Özet:
Haritalar, coğrafi bilgileri görsel olarak kullanıcılara iletmek amacıyla üretilirler.
Farklı mekânsal uygulama alanları için farklı ölçek ve içerikte haritalara gereksinim
duyulmaktadır. Bu bağlamda, mevcut mekânsal veri setlerinden çeşitli kartografik
genelleştirme işlemleri yardımıyla amaca uygun haritalar türetilir. Kartografik
genelleştirme, tek nesnelere (bağımsız genelleştirme) ve mekânsal olarak ilişkili bir
grup nesneye (bağlamsal genelleştirme) olmak üzere iki ana aşamada uygulanır.
Hedef ölçeğe geçerken nesneler kartografik ilkelere göre yeniden düzenlenir
ve bunun sonucunda aralarında mekânsal uyuşmazlıklar ortaya çıkabilir. Bu
uyuşmazlıklar çözülürken hem görselleştirme açısından grafik limitlere uyulmalı
hem de nesnelerin mekânsal karakteristikleri ve ilişkilerinin ortaya çıkardığı farklı
coğrafi örüntüler mümkün olduğunca korunmalıdır. Bu kapsamda uygulanan en
karmaşık bağlamsal genelleştirme işlemlerinden biri ötelemedir. şimdiye kadar
birçok öteleme yöntemi geliştirilmiş olmasına rağmen, bunlar çoğunlukla uygulaması
güç niteliktedir. Bu nedenle, bu çalışmada pratik bir öteleme yaklaşımı önerilmiş
ve gerçekleştirilmiştir. Bu bağlamda, yollar yardımıyla oluşturulan bloklar içinde
tampon alan analizleri ile bina grupları elde edilmektedir. Sonrasında Voronoi
çokgenleri ve tampon alanlar kullanılarak bu bina grupları için genelleştirme bölgeleri
oluşturulmaktadır. Daha sonra en yaygın bina örüntü türlerinden biri olan doğrusal
dizilim gösteren binalar çoklu tampon alan analizleri yoluyla belirlenmekte ve
bu binaların içinde yer aldığı bölgeler, örüntülerin korunmasına yönelik olarak
yeniden düzenlenmektedir. Sonrasında bölge için düzenli nokta ağı üretilmekte
ve bu noktaların bulundukları konumların öteleme için ne kadar uygun olduğu,
çekirdek yoğunluk kestirimi ve çoklu tampon alan analizleri ile elde edilen ağırlıklar
kullanılarak hesaplanmaktadır. Buna göre binalar, uyuşmazlıkları gidermek veya
azaltmak için iteratif oturumlar içinde uygun konumlara ötelenmektedir. Mekânsal
ilişkilerin fazla bozulmaması için her oturumda öteleme miktarı küçük tutulmaktadır.

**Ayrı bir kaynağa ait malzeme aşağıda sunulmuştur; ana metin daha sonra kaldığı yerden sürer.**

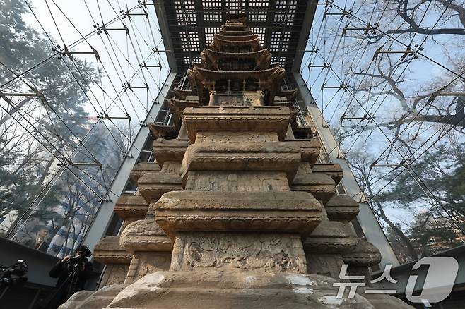 (서울=뉴스1) 안은나 기자 = 20일 오후 서울 종로구 탑골공원에서 1999년 유리보호각 설치 이후 27년 만에 처음으로 원각사지 십층석탑 내부가 공개되고 있다.

Önerilen yaklaşımda, minimum mesafe ve konumsal doğruluk kısıtları doğrudan
uygulanırken, mekânsal örüntü ve ilişkiler, bölgesel ve toplu öteleme aracılığıyla
dolaylı olarak korunmaya çalışılmaktadır. Öteleme kalite değerlendirmesi, minimum
mesafe ve konumsal doğruluk analizine ek olarak, öteleme öncesi ve sonrası
binaların ağırlık merkezlerinden oluşturulan (Delaunay) üçgenlerinin açı, uzunluk
ve şekil ölçülerine ilişkin değerlerin veya iki bina arasındaki çizginin açıklık açısının
karşılaştırmalı analiziyle gerçekleştirilir. Bulgular, önerilen yaklaşımın bölgesel bina
ötelemesi için oldukça etkili ve pratik olduğunu göstermektedir.